O que me vem na cabeça é que possa voltar o problema e eu fico com muito medo de voltar. [...] às vezes, quando eu sinto, aqui e acolá, minha pele repuxando eu fico com medo. Eu olho bem no espelho, mas eu não vejo mancha nenhuma de anormal. [...] Você ter um problema e achar que tá curado e você olhar no espelho e achar que tá com o mesmo problema, ali é mesmo que, praticamente, tá morta [...]. (Sujeito- colaborador 9)

Desse modo, estimular a participação em grupo de educação em saúde, ou outros espaços que promovam a verbalização do significado atribuído ao estar-doente contribui para o alívio da culpa e diminuição do medo de contaminar os outros (BAIALARDI, 2007).
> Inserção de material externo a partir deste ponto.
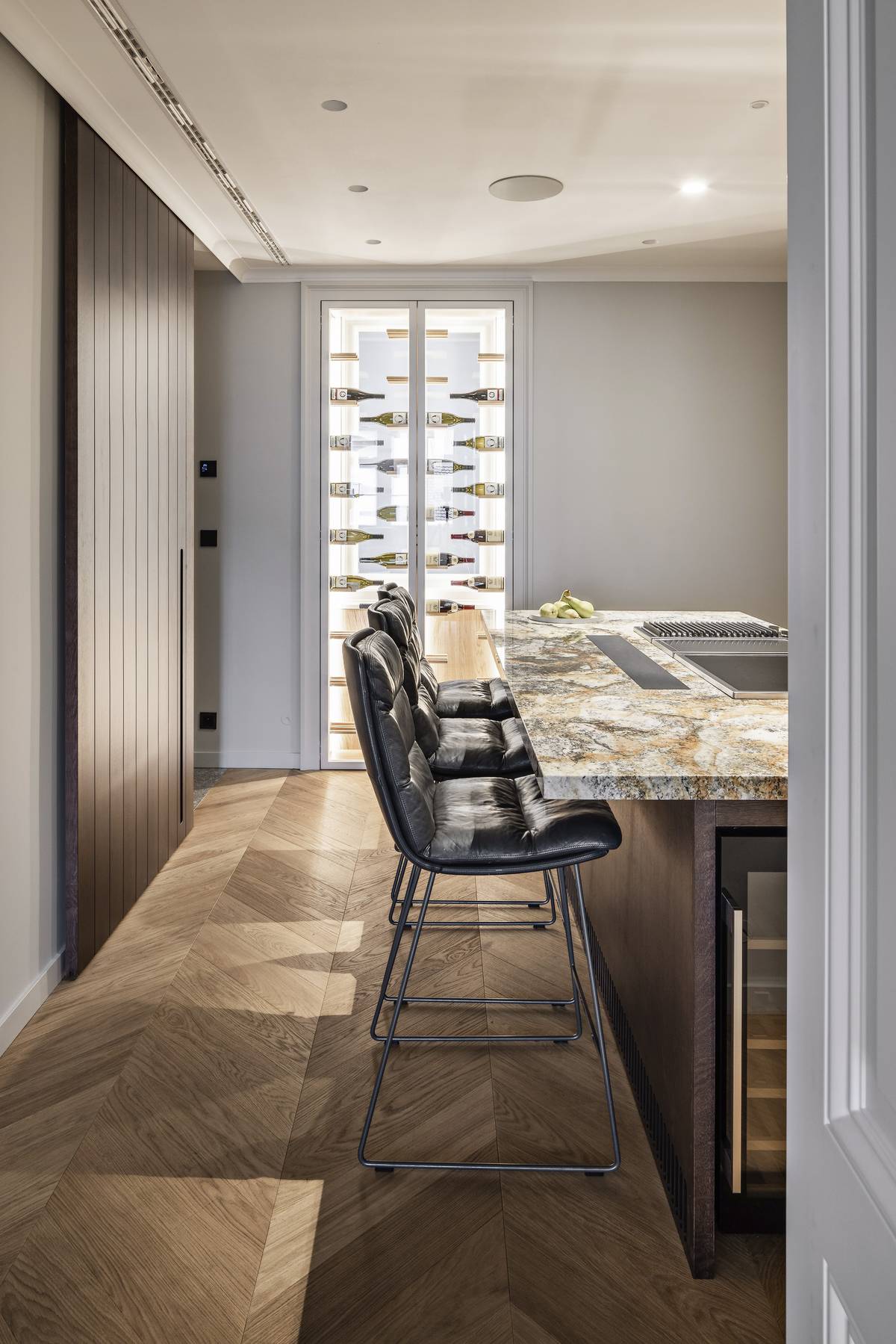 Mezi úložnými prostory v bytě nemohla chybět ani velkorysá vinotéka s výškou od země ke stropu.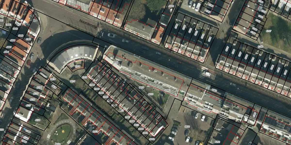 Het perceel waarop Noordendijk 85 staat heeft een oppervlakte van 1469 m². Dit is een zeer groot perceel. De perceeloppervlakte wordt geregistreerd door het Kadaster. Gedetailleerde informatie over de maten van dit perceel kunt u vinden in het rapport Kadastrale kaart met maatvoering van Noordendijk 85.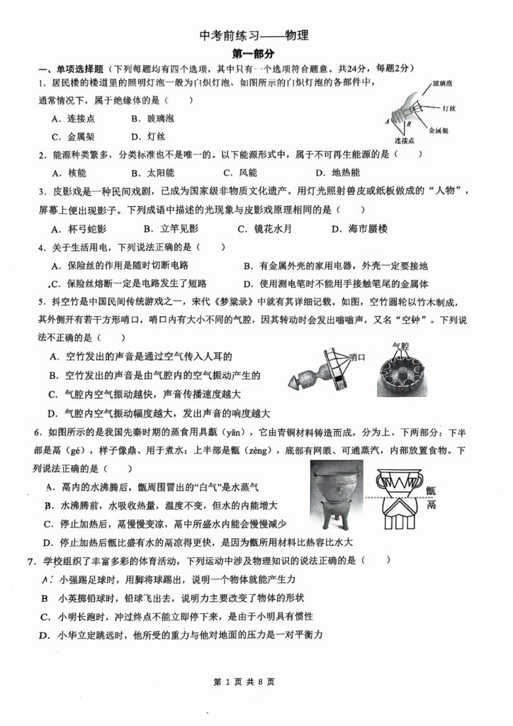 2025北京中考即将来临,admw360教研组整理了民大附中2025初三三模物理试题及答案,分享给大家:
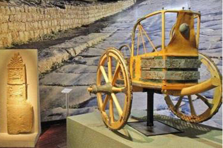 公元前7世紀(jì)相當(dāng)于我國(guó)春秋戰(zhàn)國(guó)時(shí)期,這是一輛真正的古代雙輪戰(zhàn)車,來(lái)自波普羅尼亞最大的墓葬。這輛輕快的戰(zhàn)車是領(lǐng)主在軍事閱兵時(shí)乘坐的,后來(lái)與一系列種類豐富的殉葬品一起陪葬,作為墓主權(quán)力的主要標(biāo)志。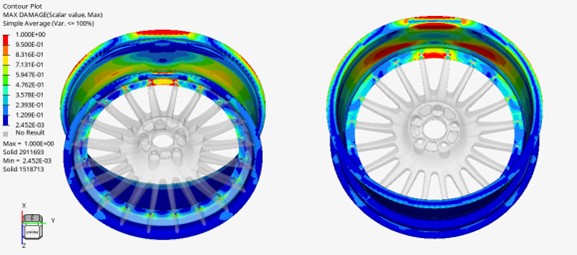 引入複材損傷理論,研究複材輪圈在受到衝擊後的損傷。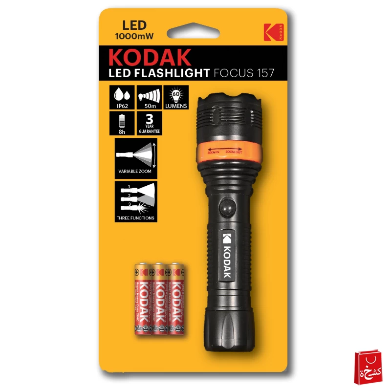 Kodak LED Flashlight Focus 157 1000mW Bk 3AAA HD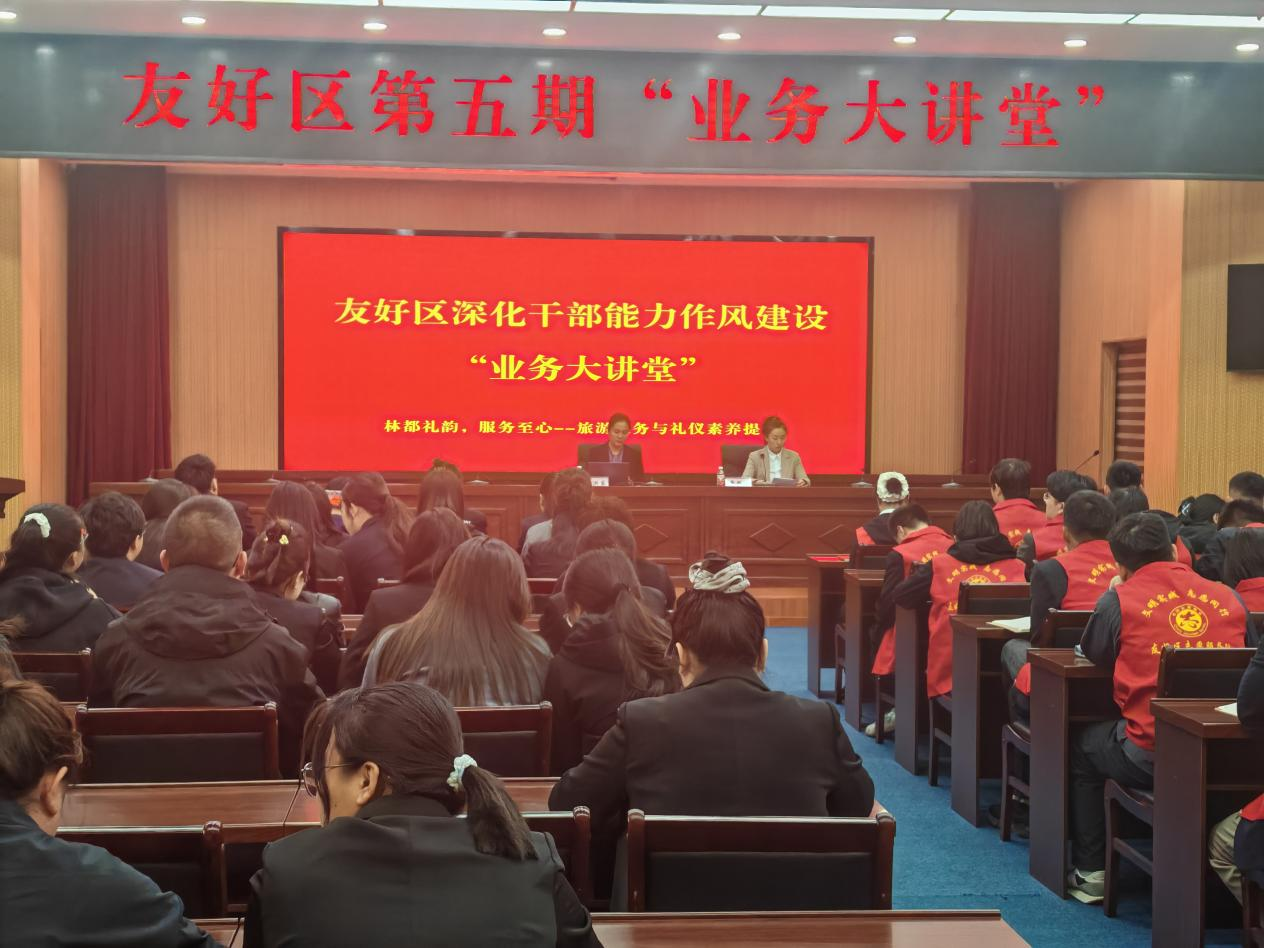 2025年5月16日,伊春市友好區(qū)第五期“干部能力作風(fēng)建設(shè)”業(yè)務(wù)大講堂成功舉辦。伊春職業(yè)學(xué)院旅游商務(wù)學(xué)院姚洪英老師受邀作《以禮塑形 以儀潤(rùn)心——打造伊春文旅服務(wù)新名片》專題講座,為全區(qū)文旅干部及從業(yè)人員提供專業(yè)化禮儀培訓(xùn)。此次活動(dòng)既是校地合作的生動(dòng)實(shí)踐,也是學(xué)院服務(wù)地方文旅產(chǎn)業(yè)發(fā)展的創(chuàng)新舉措。

É dentro do mundo que nos comunicamos através daquilo que nossa vida tem de articulado. Quer se trate do corpo do outro ou do próprio corpo, o indivíduo não tem outro meio de conhecer o corpo humano senão vivê-lo, ou seja, retomar por sua conta o drama que o transpassa e confundir-se com ele (MERLEAU-PONTY, 1996; 2009).

A cura é um processo dinâmico de representação e significação da experiência de vida, e não apenas uma realidade biomédica centrada no êxito terapêutico (LIRA et al., 2005). Mas, a desesperança e a incerteza na cura, descritas a partir da experiência do processo de adoecimento, em que o corpo é o espaço e a forma de ser-no-mundo, o cuidado de si é colocado na mão dos outros, ou seja, dos profissionais de saúde, como se somente estes fossem os responsáveis.